SAN FRANCISCO (Reuters) - VMware Inc will acquire CloudHealth Technologies as part of the information technology company’s continued push into cloud-based software services, the company announced on Monday.
The Palo Alto, California, company will pay approximately $500 million for the Boston-based startup, sources familiar with the matter told Reuters.
VMware will purchase CloudHealth for the company’s cloud management platform, VMware Chief Executive Pat Gelsinger told Reuters. That platform makes it possible for enterprises to control and analyze the costs, compliance and performance of their computing environments across their own data centers and public clouds like Amazon Web Services and Microsoft Corp’s Azure.
“Anybody who is deploying apps operating in a cloud is utilizing multiple public clouds. How do I manage that complexity? CloudHealth is exactly aligned with that,” Gelsinger said. He declined to comment on the price of the deal.
The company announced its acquisition in Las Vegas at VMworld, the company’s annual industry conference, where it also announced a series of new cloud services, including an expansion of the VMware Cloud on AWS partnership with Amazon.com Inc.
VMware has been adding subscription-based software services over the past year as more corporations begin to shift their computing and data storage systems off of their own servers and into public clouds.

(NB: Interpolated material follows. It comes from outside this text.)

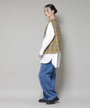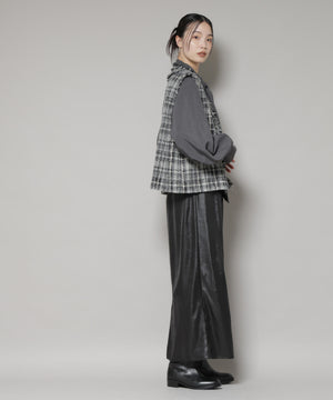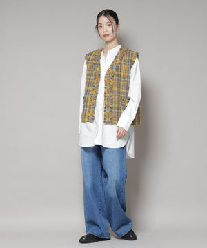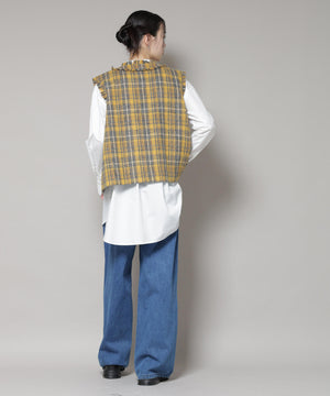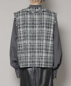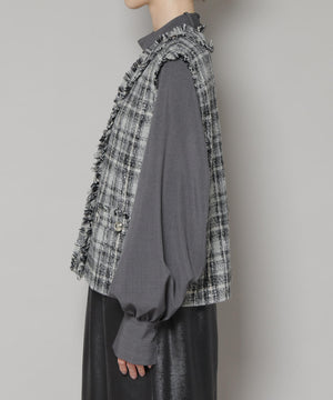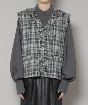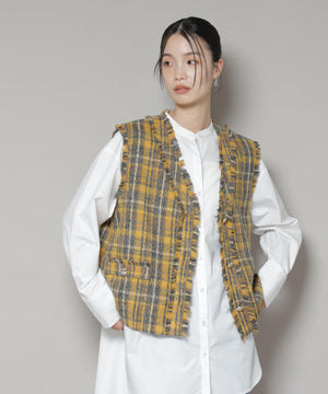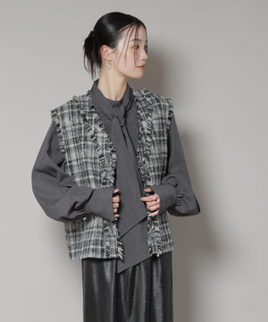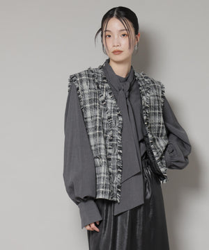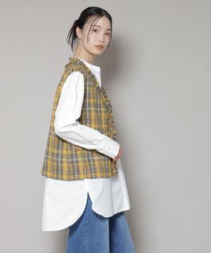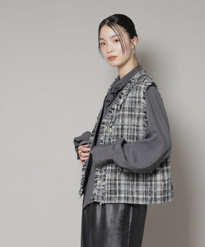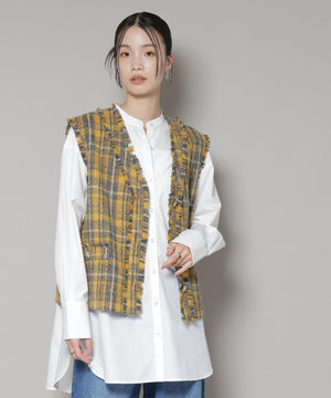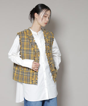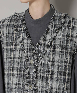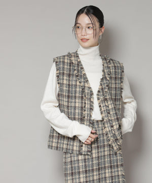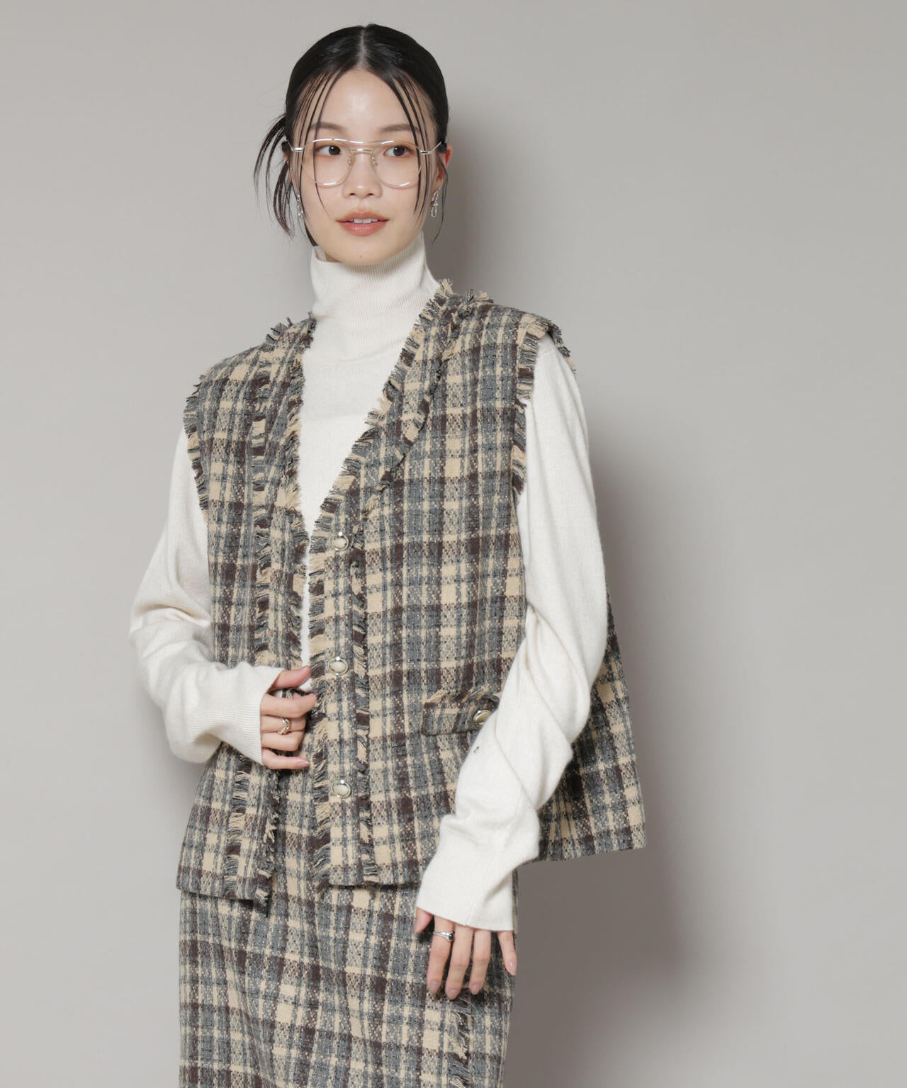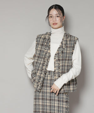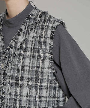 ・きれいめなチェックにフリンジをあしらったデザイン性が魅力のジレ
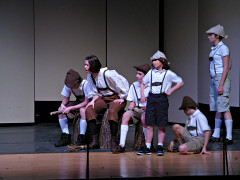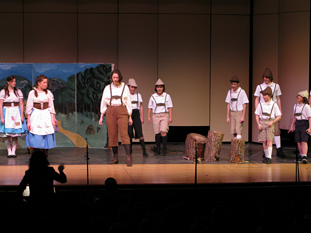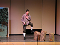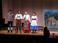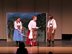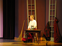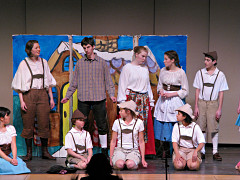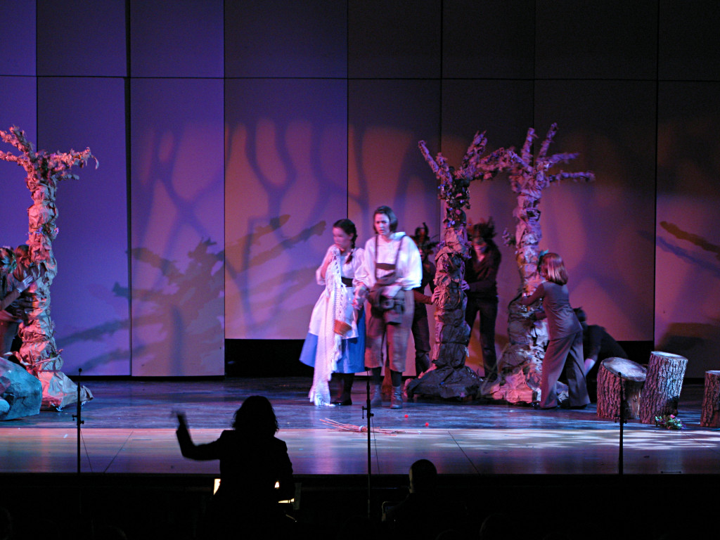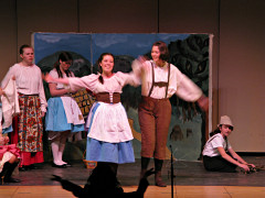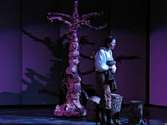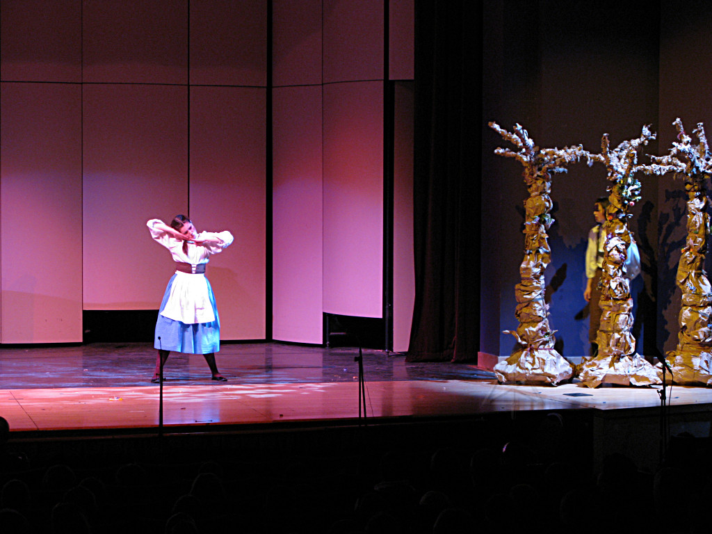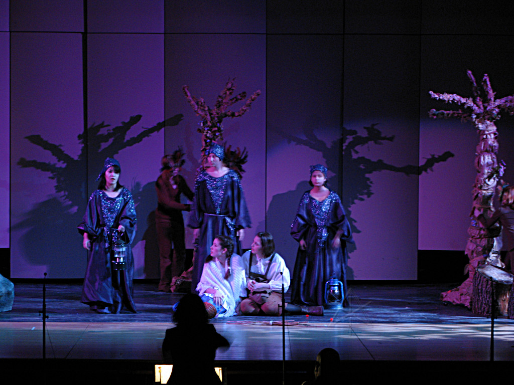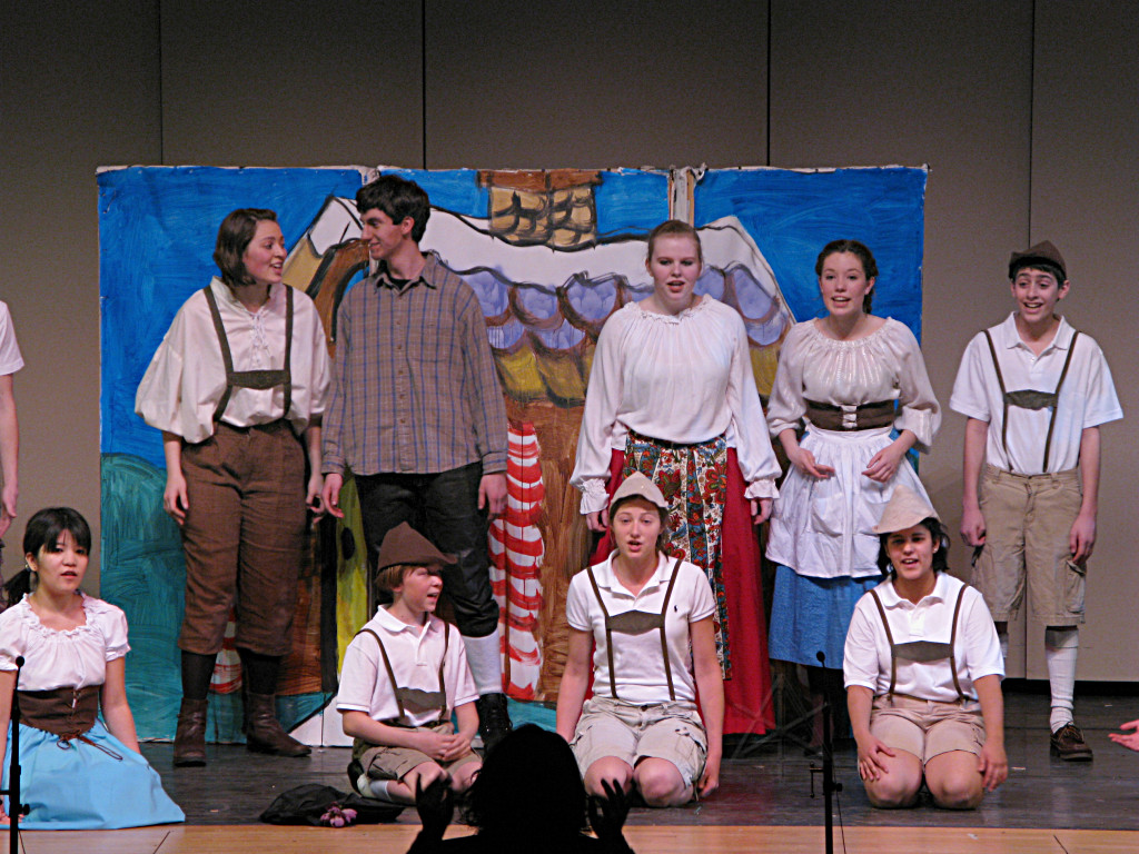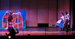 I was asked to help the lighting staff set up for this show, and then with little else to do during the run I attempted to capture a bunch of stills of it from fairly far back in the hall. Considering that I was using a point-n-shoot and generally needing fairly long exposure times to get anything at all, some of them came out okay. I tried to anticipate and time the moments when actors would stop moving, with dubious success. Freely acknowledging the possibility that this might still be way too many pictures, here are the best of the batch. (Photography enthusiasts may want to read the commentary scattered throughout this, particularly at the end, for more information.) Each small picture is linked to a full-size version. And here is a convenient linear list of the large ones, suitable for input to a bulk-download handler. (About 25 Mb worth all told)  |

Key to this strategy has been the VMware Cloud on AWS partnership that makes it simple for enterprises to transition onto the cloud. With the addition of CloudHealth, VMware is making it easier for its customers to manage services on other cloud providers, such as Azure and Alphabet Inc’s Google Cloud Platform.
“We’re going to refresh the vision that we have for the cloud,” Gelsinger said.
Among infrastructure decision makers at enterprises, 91 percent said they use two or more vendor’s public cloud environments, with 19 percent of respondents saying they use between six and nine, according to an April report by Forrester Research.
Within the global cloud systems management software, VMware holds 21 percent of the market, followed by Microsoft Corp with 14 percent, according to 2016 figures provided by research firm IDC. That market is projected to be worth $5.4 billion this year and is forecast to reach $10.1 billion in 2021, according to IDC.
“Multi-cloud is a growing use case, and it’s something that enterprise IT shops are very interested in,” said Paul Delory, Gartner analyst. “It behooves everyone in this space to work with multiple cloud providers.”
VMware expects the acquisition to close this quarter, the company said. Its immediate plans for CloudHealth include the integration of two of VMware’s existing cloud services, analytics tool Wavefront and security tool CloudCoreo. More services will become integrated over time, and CloudHealth, which has hundreds of employees, will continue to operate in Boston, Gelsinger said.
Dell owns 81 percent of VMware and considered combining the two companies earlier this year. Dell ultimately proposed to pay $21.7 billion in cash and stock to buy back securities called tracking stock that correspond to its economic interest in VMware, partially funded through a $9 billion special dividend from VMware.
Some shareholders in the stock that tracks Dell’s stake in VMware may oppose the deal because they feel the proposal is too low and unfairly transfers value to Dell, sources have said, and a vote is expected in October.